EXERCISE INSTRUCTIONS:
Exact copy, no pictures: set down the lines from the one holding "2024年2月,证监会发布公" through the final line of the records below.

[Items listed in a dataset]
--------------------
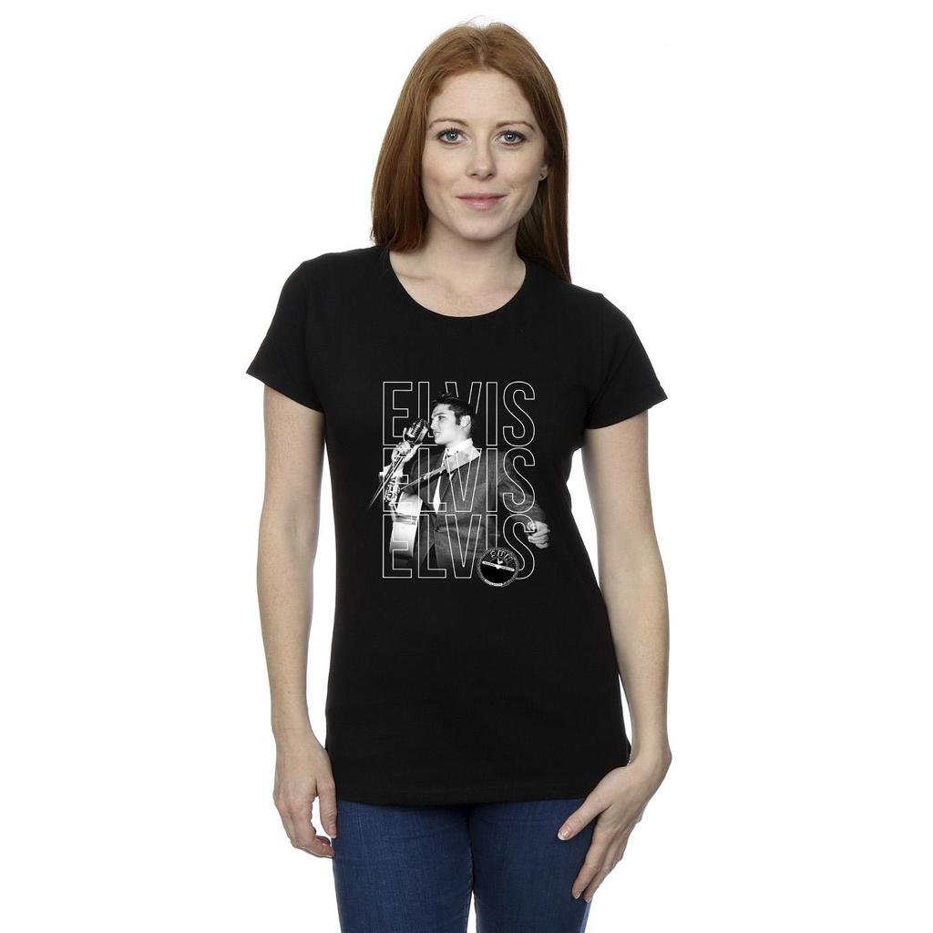 Elvis Womens/Ladies Triple Logo Portrait Cotton T-Shirt
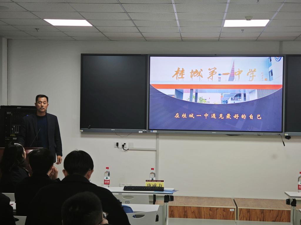 宣讲会上,唐威力对桂城街道的基本情况和各方面优势进行了全面介绍,他以城市、产业、人文三个维度为框架,深入解读了桂城的定位,并重点介绍了桂城的三大特色名片——公园城市、教育强镇、人才乐园。唐威力聚焦教育领域,详细分析了桂城教育的现状,特别强调了桂城对教育人才引进的重视,鼓励同学们积极参加佛山市南海区桂城街道教育领域的招聘考试,投身教育事业,实现个人价值。
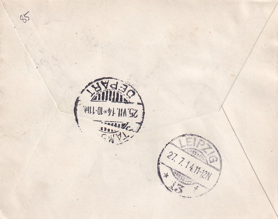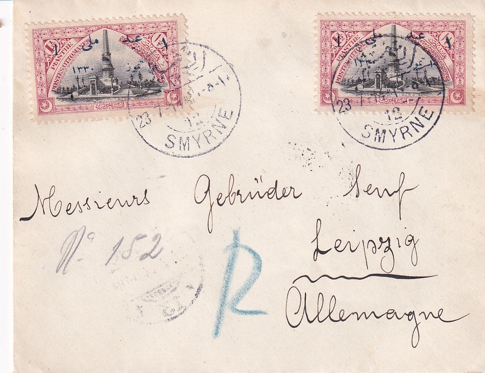 İzmir - Leipzig - Depart damgalı Leipzig adresli, postadan geçmiş zarf, 10x8 cm
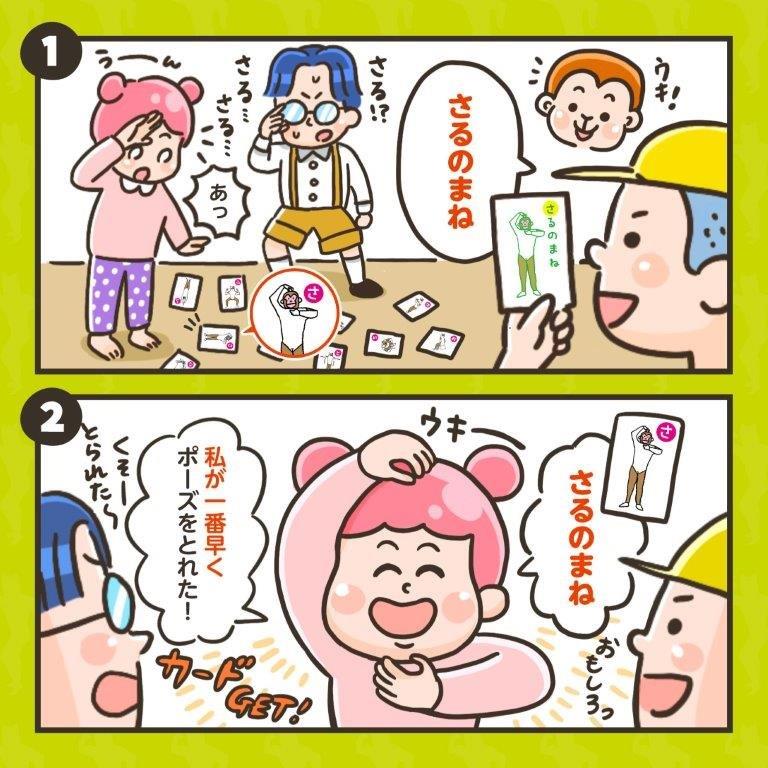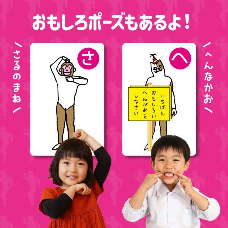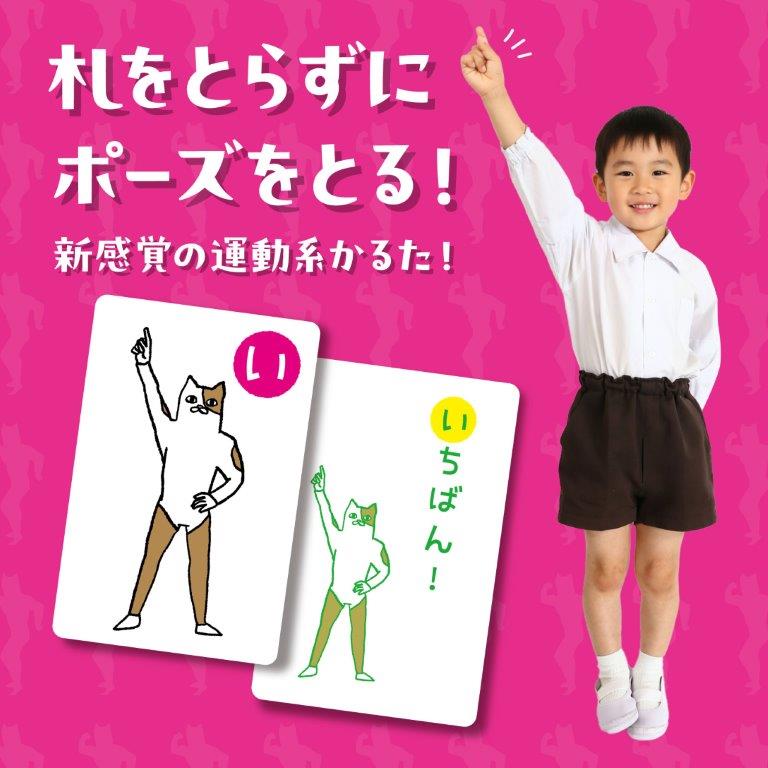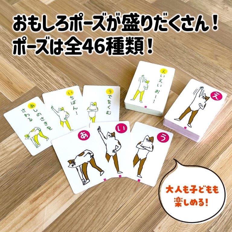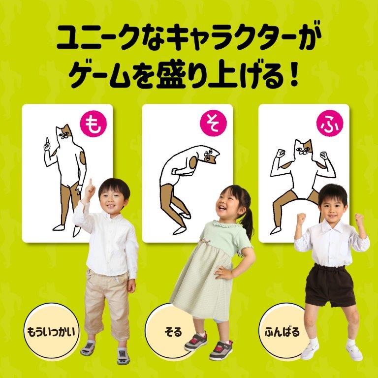 だれが一番早く同じポーズを取れるかな? かわいい猫のキャラクターとおもしろいポーズが盛りだくさんの楽しいかるたです。 読み札でポーズが読み上げられて、一番最初にそのポーズをした人が取り札をもらえます。 体の部位の名前を覚えたり、軽い室内運動をしたりするのにも良いゲームです。 |
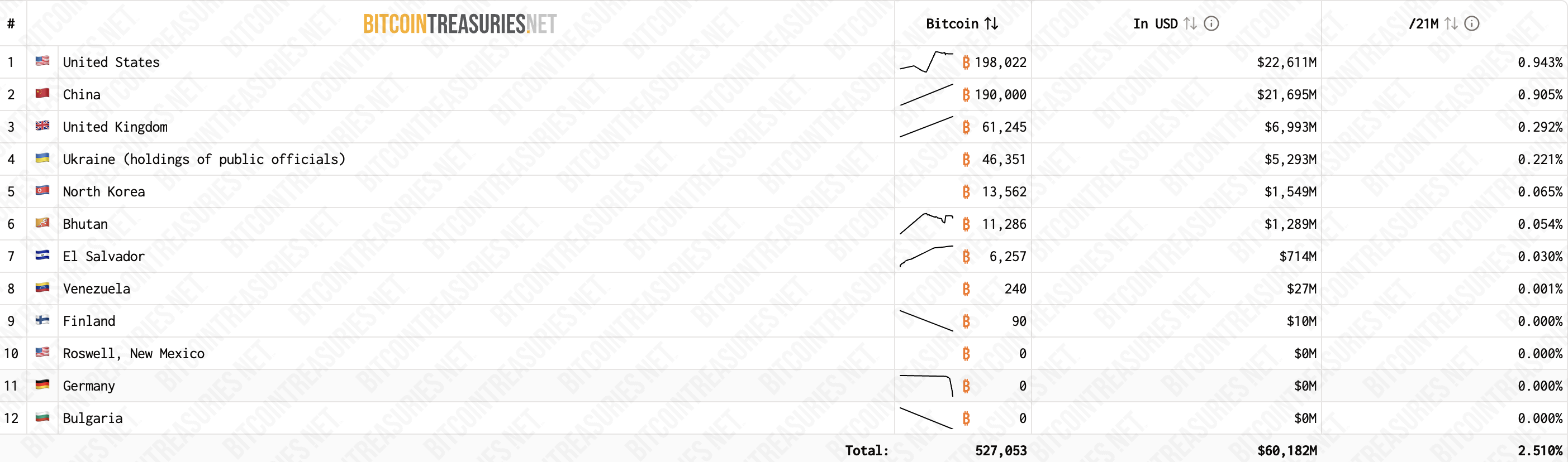 此外,根据 Bitcoin Treasuries 的最新数据,美国政府目前持有约 198,022 枚比特币,占总供应量的不到 1%。
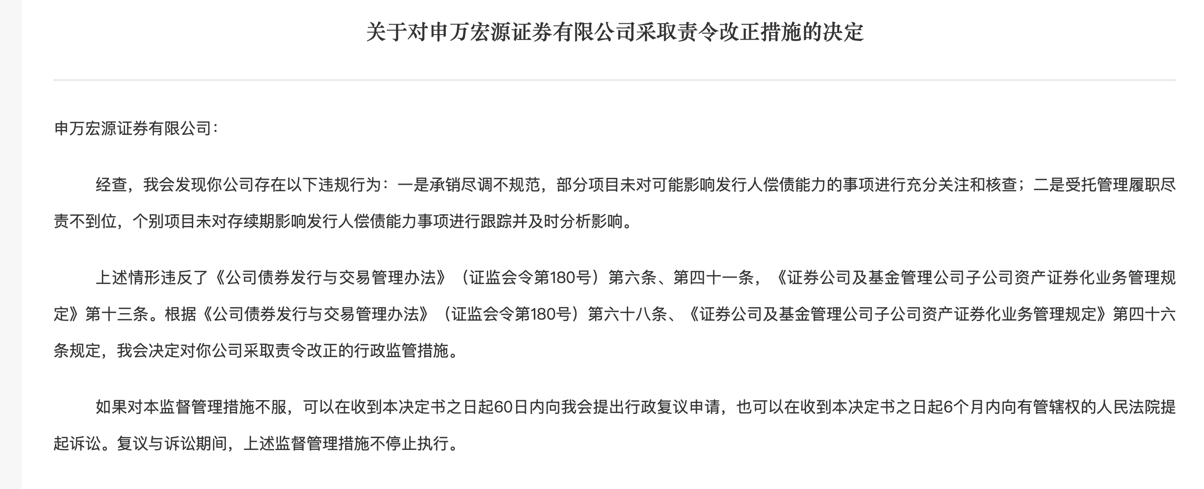 2024年2月,证监会发布公告,对申万宏源证券采取责令改正措施,指出其承销尽调不规范,部分项目未对可能影响发行人偿债能力的事项进行充分关注和核查;受托管理履职尽责不到位,个别项目未对存续期影响发行人偿债能力事项进行跟踪并及时分析影响。
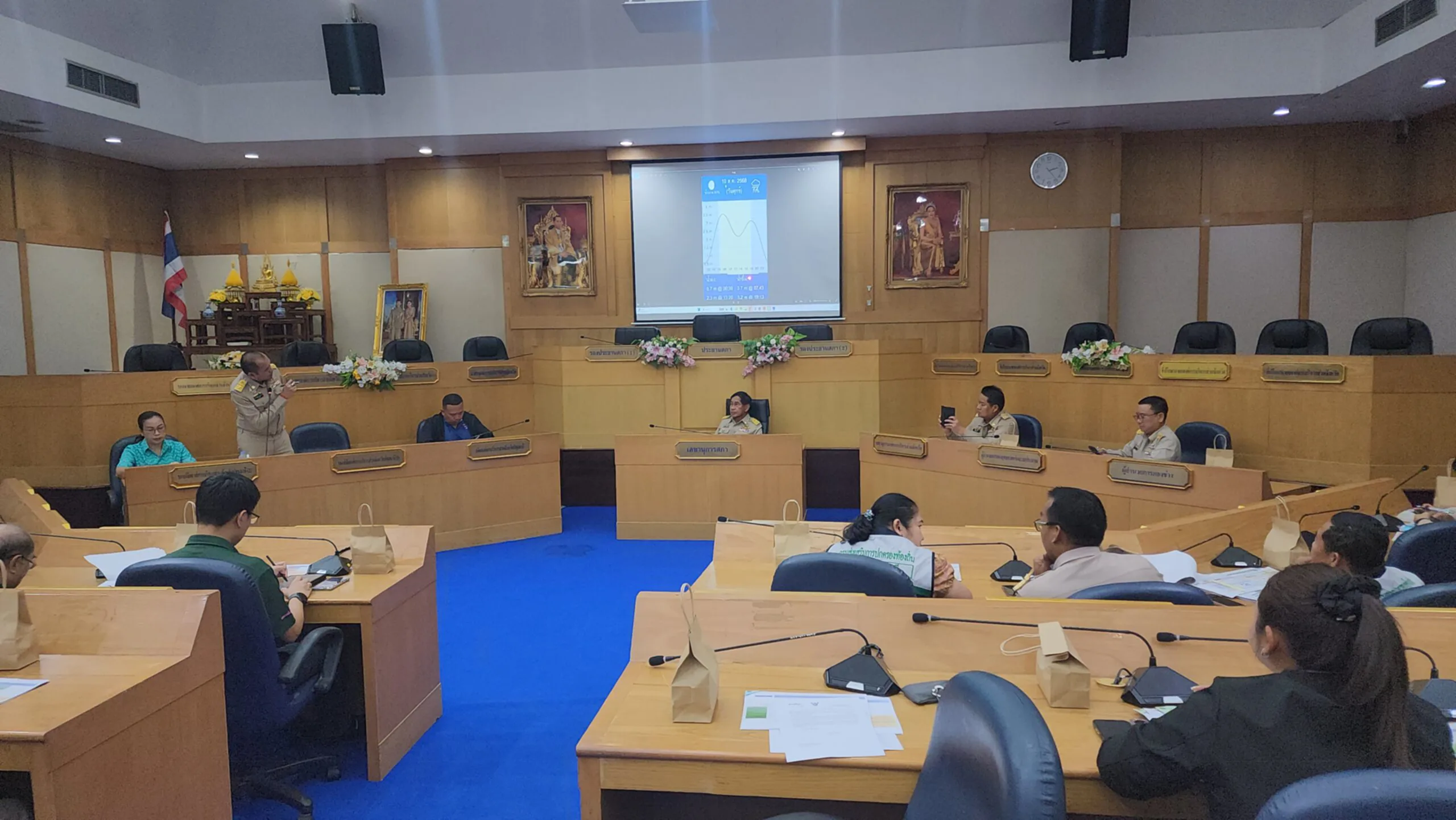 เมื่อเวลา 14.00 น. วันที่ 1 ตุลาคม 2568 ที่ ณ ห้องประชุมปิยลาภ (ชั้น 5) องค์การบริหารส่วนจังหวัดปทุมธานี พลตำรวจโท คำรณวิทย์ ธูปกระจ่าง นายกองค์การบริหารส่วนจังหวัดปทุมธานี เป็นประธานการประชุมเตรียมรับสถานการณ์น้ำท่วมในจังหวัดปทุมธานี โดยมีนายเทพสุริยา สะอาด ท้องถิ่นจังหวัดปทุมธานี นายนพพร ขาวขำ รองนายก อบจ.ปทุมธานี ร้อยตำรวจเอก ดร.ตรีลุพธ์ ธูปกระจ่าง นายกเทศมนตรีนครรังสิต คณะผู้บริหาร สมาชิกสภาองค์การบริหารส่วนจังหวัดปทุมธานี นายกและผู้แทนองค์กรปกครองส่วนท้องถิ่นที่มีพื้นที่ติดกับแม่น้ำเจ้าพระยา หัวหน้าส่วนราชการ และเจ้าหน้าที่ที่เกี่ยวข้อง
--------------------
WRITTEN REPLY:
 2024年2月,证监会发布公告,对申万宏源证券采取责令改正措施,指出其承销尽调不规范,部分项目未对可能影响发行人偿债能力的事项进行充分关注和核查;受托管理履职尽责不到位,个别项目未对存续期影响发行人偿债能力事项进行跟踪并及时分析影响。
 เมื่อเวลา 14.00 น. วันที่ 1 ตุลาคม 2568 ที่ ณ ห้องประชุมปิยลาภ (ชั้น 5) องค์การบริหารส่วนจังหวัดปทุมธานี พลตำรวจโท คำรณวิทย์ ธูปกระจ่าง นายกองค์การบริหารส่วนจังหวัดปทุมธานี เป็นประธานการประชุมเตรียมรับสถานการณ์น้ำท่วมในจังหวัดปทุมธานี โดยมีนายเทพสุริยา สะอาด ท้องถิ่นจังหวัดปทุมธานี นายนพพร ขาวขำ รองนายก อบจ.ปทุมธานี ร้อยตำรวจเอก ดร.ตรีลุพธ์ ธูปกระจ่าง นายกเทศมนตรีนครรังสิต คณะผู้บริหาร สมาชิกสภาองค์การบริหารส่วนจังหวัดปทุมธานี นายกและผู้แทนองค์กรปกครองส่วนท้องถิ่นที่มีพื้นที่ติดกับแม่น้ำเจ้าพระยา หัวหน้าส่วนราชการ และเจ้าหน้าที่ที่เกี่ยวข้อง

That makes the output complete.